___ Exercise material ___

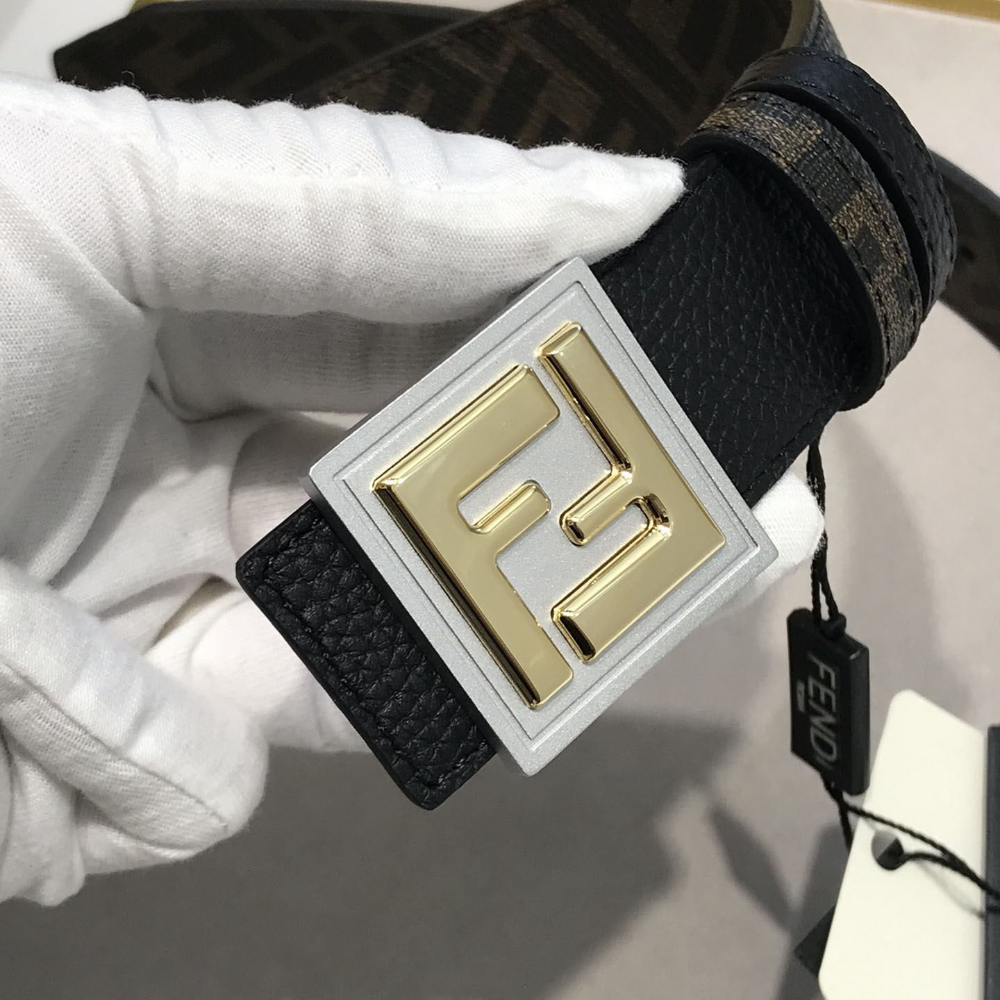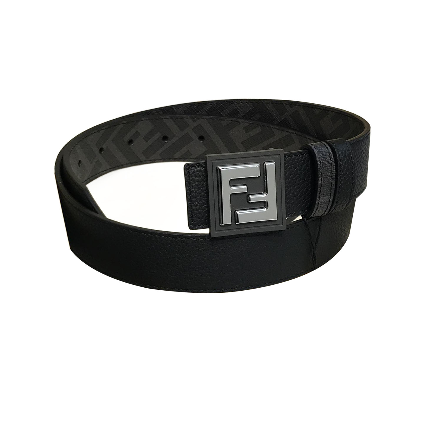 Fendi Men’s Square Buckle Belt In Black/Brown Grained Calfskin And Monogram Canvas With Gold/Silver Hardware 35mm
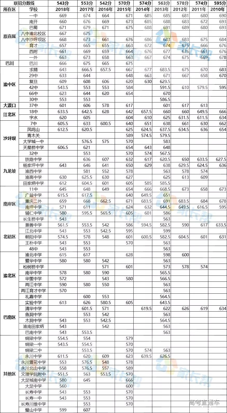 重庆市第一中学:672 重庆市南开中学:668 重庆八中小龙坎校区:670 重庆八中渝北校区:669 重庆市巴蜀中学:671 西南大学附属中学:667 重庆外国语学校:667 重庆市育才中学:663 重庆市求精中学:649 重庆市二十九中:639 重庆市十一中:645.5 重庆市两江育才中学:610 重庆市第七中学:625 重庆市朝阳中学:591
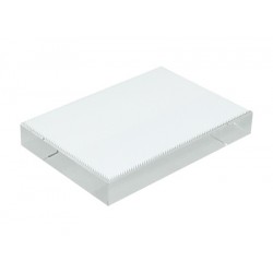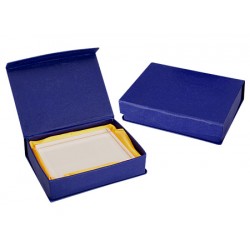 Trofeo rectangular de Cristal sólido para Sublimación. Presentación en caja de cartón azul con cuna amarilla.
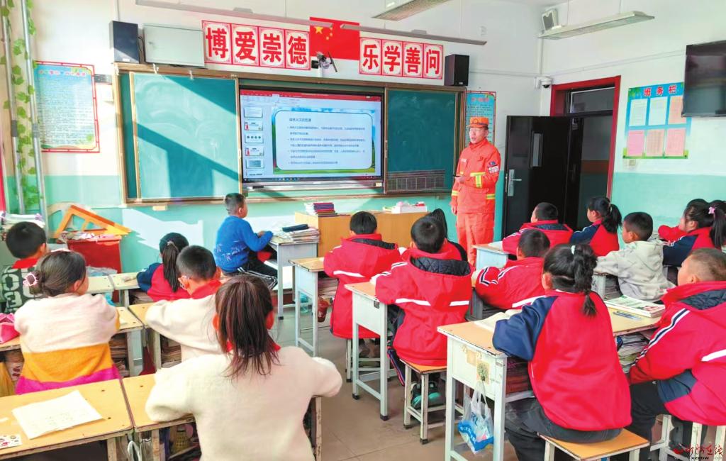 活動中,指戰員通過通俗易懂的語言、生動有趣的圖片、森林防火宣傳視頻等,為同學們深入淺出地講解了森林火災的成因、危害、預防措施以及緊急避險逃生方法等。(本報通訊員攝)
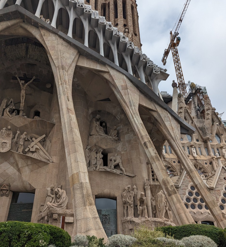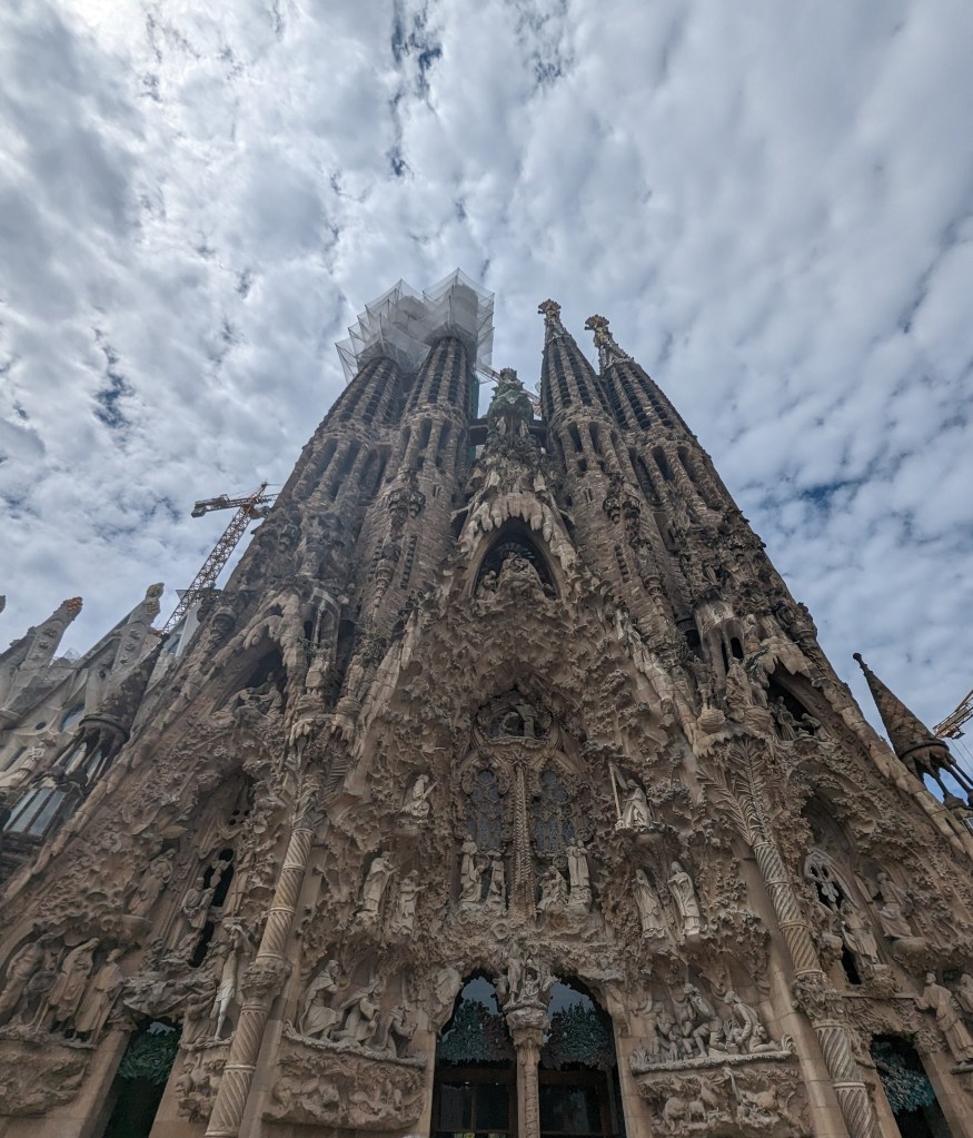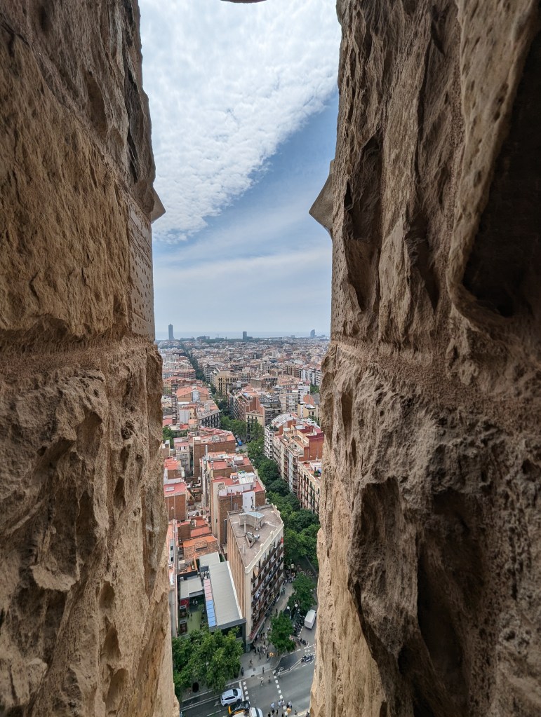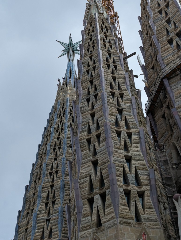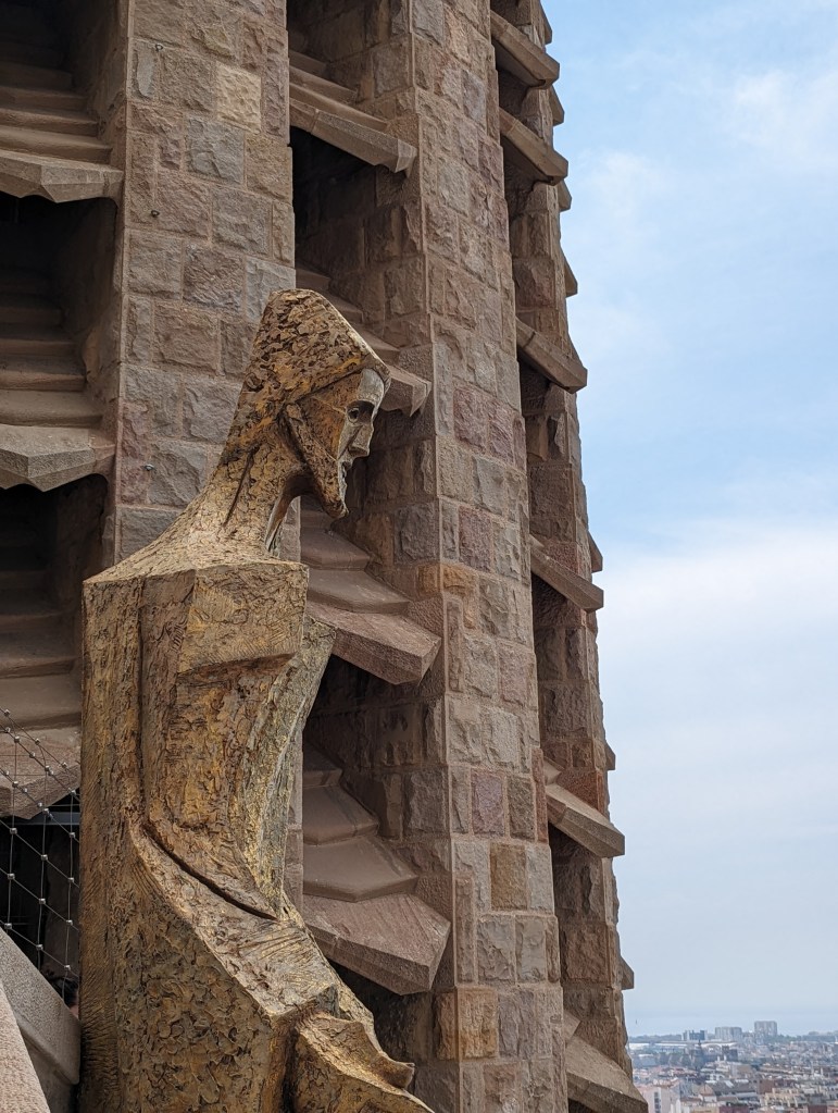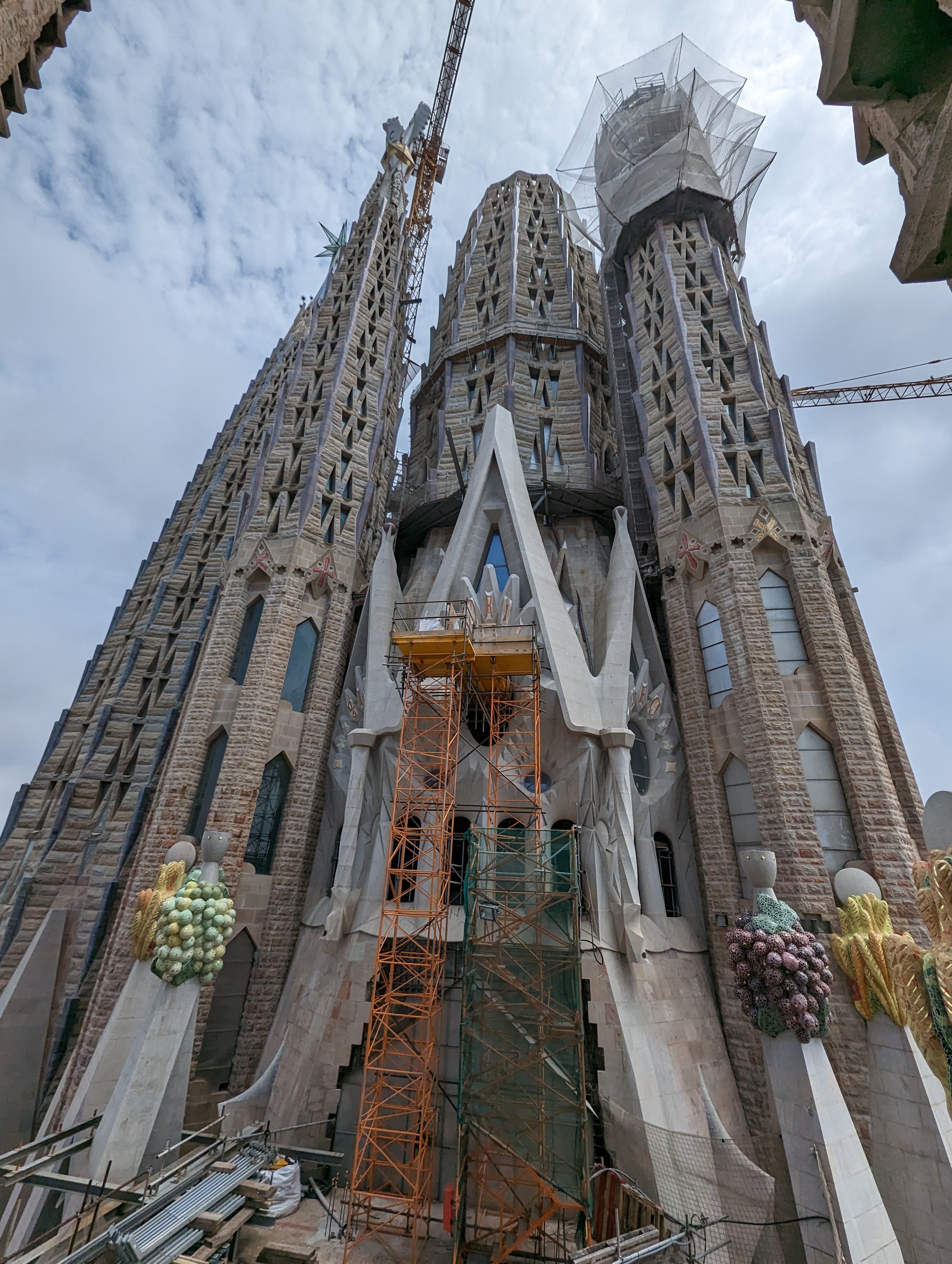 We took a break from our audio tour and got in line for going up the Passion Tower. We rode the elevator to the top (when Colin and I were here 25 years ago, we walked up). The views from the top were incredible, seeing the Towers up close, seeing the work still happening, seeing the City from above.
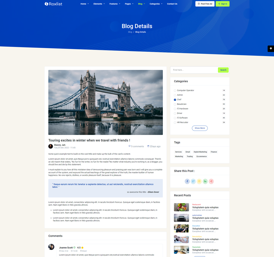 Explore the latest trending features incorporated into the Roxlist Listing template, showcasing how we have enhanced and designed our template. When it comes to design, we always keep a close watch on the most trending features.

___

▶ [Your goal]: Nothing but the lines from the one that contains "活動中,指戰員通過通俗易懂的" through the last line of the records belongs in the answer, reproduced exactly, with no pictures.

▶ [Written solution]:
 活動中,指戰員通過通俗易懂的語言、生動有趣的圖片、森林防火宣傳視頻等,為同學們深入淺出地講解了森林火災的成因、危害、預防措施以及緊急避險逃生方法等。(本報通訊員攝)
 We took a break from our audio tour and got in line for going up the Passion Tower. We rode the elevator to the top (when Colin and I were here 25 years ago, we walked up). The views from the top were incredible, seeing the Towers up close, seeing the work still happening, seeing the City from above.
 Explore the latest trending features incorporated into the Roxlist Listing template, showcasing how we have enhanced and designed our template. When it comes to design, we always keep a close watch on the most trending features.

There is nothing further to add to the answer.